• About this task
Produce a word-for-word copy of the data that follows, excluding images.

• Material provided

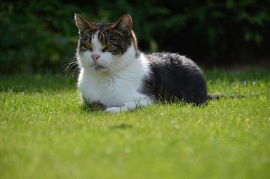 Keywords: cat grass pet black white tabby domestic cute animal feline kitty mammal funny fur small paw young adorable tail green hair soft
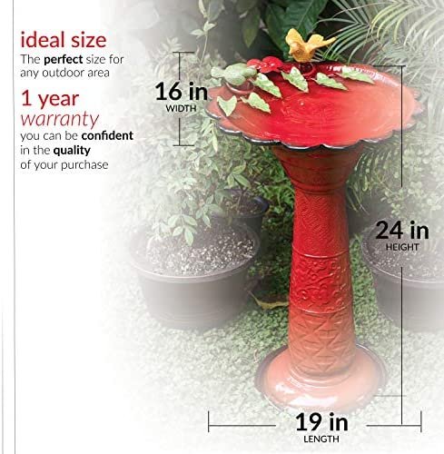 IDEAL SIZE: Bird bath measures 17″L x 17″W x 28″H, the perfect size for your yard, and includes a one year manufacturer’s warranty from date of purchase
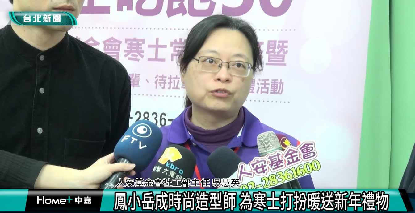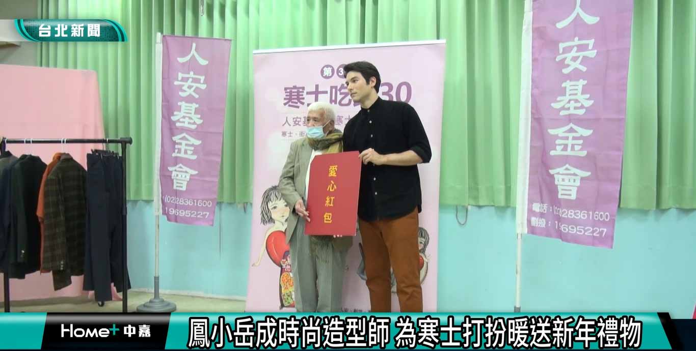(中嘉新聞/記者 翁于珺/台北採訪報導/藝點新聞ainews編輯整理)藝人鳳小岳化身時尚大師,幫寒士搭配服裝,才一會兒就讓寒士變成復古紳士風格。長期關懷弱勢的鳳小岳,受人安基金會邀請,為窮苦人送上最溫暖的關心,並將自己的圍巾也捐出來。

• Exercise response
 Keywords: cat grass pet black white tabby domestic cute animal feline kitty mammal funny fur small paw young adorable tail green hair soft
 IDEAL SIZE: Bird bath measures 17″L x 17″W x 28″H, the perfect size for your yard, and includes a one year manufacturer’s warranty from date of purchase
(中嘉新聞/記者 翁于珺/台北採訪報導/藝點新聞ainews編輯整理)藝人鳳小岳化身時尚大師,幫寒士搭配服裝,才一會兒就讓寒士變成復古紳士風格。長期關懷弱勢的鳳小岳,受人安基金會邀請,為窮苦人送上最溫暖的關心,並將自己的圍巾也捐出來。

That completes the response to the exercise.